ABOUT THIS EXERCISE: Each record that follows is to be reproduced character for character, pictures excepted.

Saved entries:
=-=-=-=-=

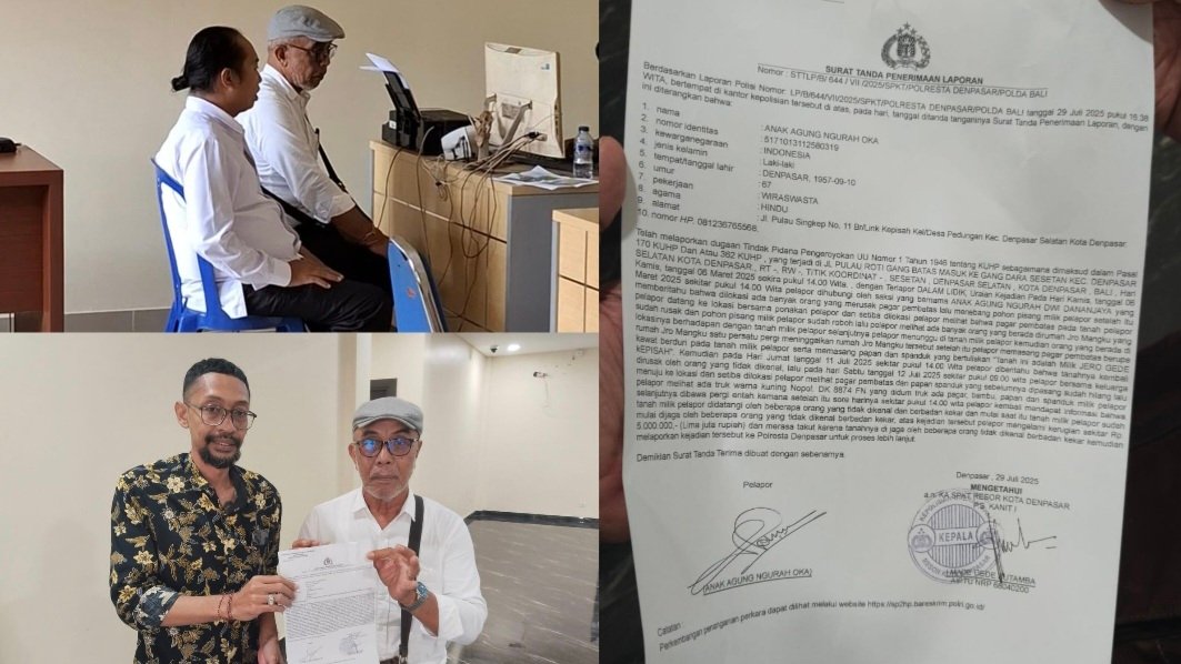 Laporan polisi dilayangkan oleh Anak Agung Ngurah Oka (Turah Oka), mewakili ahli waris keluarga Jero Kepisah, setelah pagar kawat, banner, dan penutup tanah yang telah lama mereka kuasai secara turun-temurun dirusak, Jumat (11/7/2025) lalu.
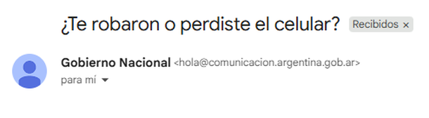 Alertan por estafa con falso mail del Gobierno: «¿Te robaron o perdiste el celular?»
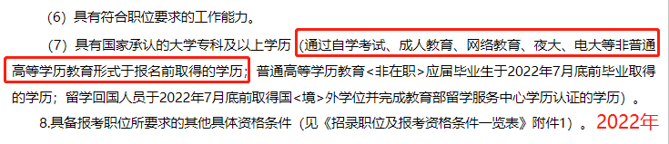 具有國家承認的大學??萍耙陨蠈W歷(通過自學考試、成人教育、網(wǎng)絡(luò)教育、夜大、電大等非普通高等學歷教育形式于報名前取得的學歷;普通高等學歷教育<非在職>應(yīng)屆畢業(yè)生于2022年7月底前畢業(yè)取得的學歷;留學回國人員于2022年7月底前取得國<境>外學位并完成教育部留學服務(wù)中心學歷認證的學歷)。
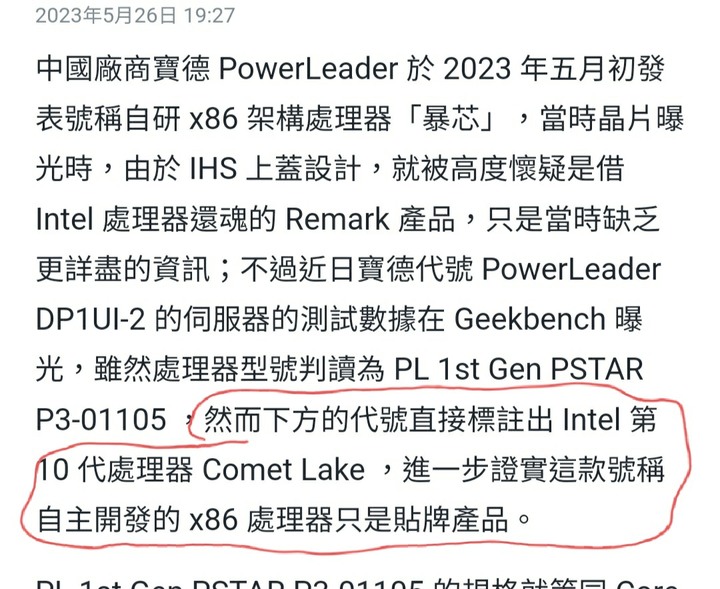 大陸國產CPU效能雖然落後intel最新產品但是自身可以滿足平日文書處理工作需求,是事實
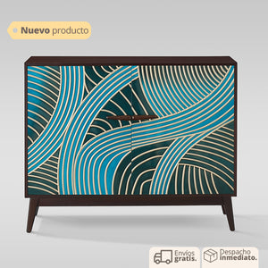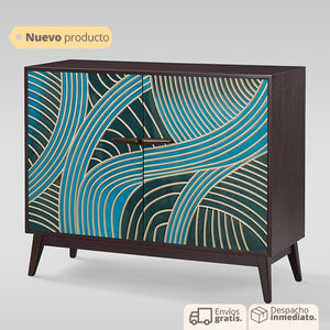 Este bifé combina estilo, funcionalidad y durabilidad en una sola pieza, convirtiéndolo en una adición imprescindible para tu hogar o negocio. Sus detalles en dorado y azul añaden un toque distintivo que seguramente captará miradas y se convertirá en un punto focal en cualquier ambiente.

=-=-=-=-=

ANSWER FOR THE TASK:
 Laporan polisi dilayangkan oleh Anak Agung Ngurah Oka (Turah Oka), mewakili ahli waris keluarga Jero Kepisah, setelah pagar kawat, banner, dan penutup tanah yang telah lama mereka kuasai secara turun-temurun dirusak, Jumat (11/7/2025) lalu.
 Alertan por estafa con falso mail del Gobierno: «¿Te robaron o perdiste el celular?»
 具有國家承認的大學??萍耙陨蠈W歷(通過自學考試、成人教育、網(wǎng)絡(luò)教育、夜大、電大等非普通高等學歷教育形式于報名前取得的學歷;普通高等學歷教育<非在職>應(yīng)屆畢業(yè)生于2022年7月底前畢業(yè)取得的學歷;留學回國人員于2022年7月底前取得國<境>外學位并完成教育部留學服務(wù)中心學歷認證的學歷)。
 大陸國產CPU效能雖然落後intel最新產品但是自身可以滿足平日文書處理工作需求,是事實
 Este bifé combina estilo, funcionalidad y durabilidad en una sola pieza, convirtiéndolo en una adición imprescindible para tu hogar o negocio. Sus detalles en dorado y azul añaden un toque distintivo que seguramente captará miradas y se convertirá en un punto focal en cualquier ambiente.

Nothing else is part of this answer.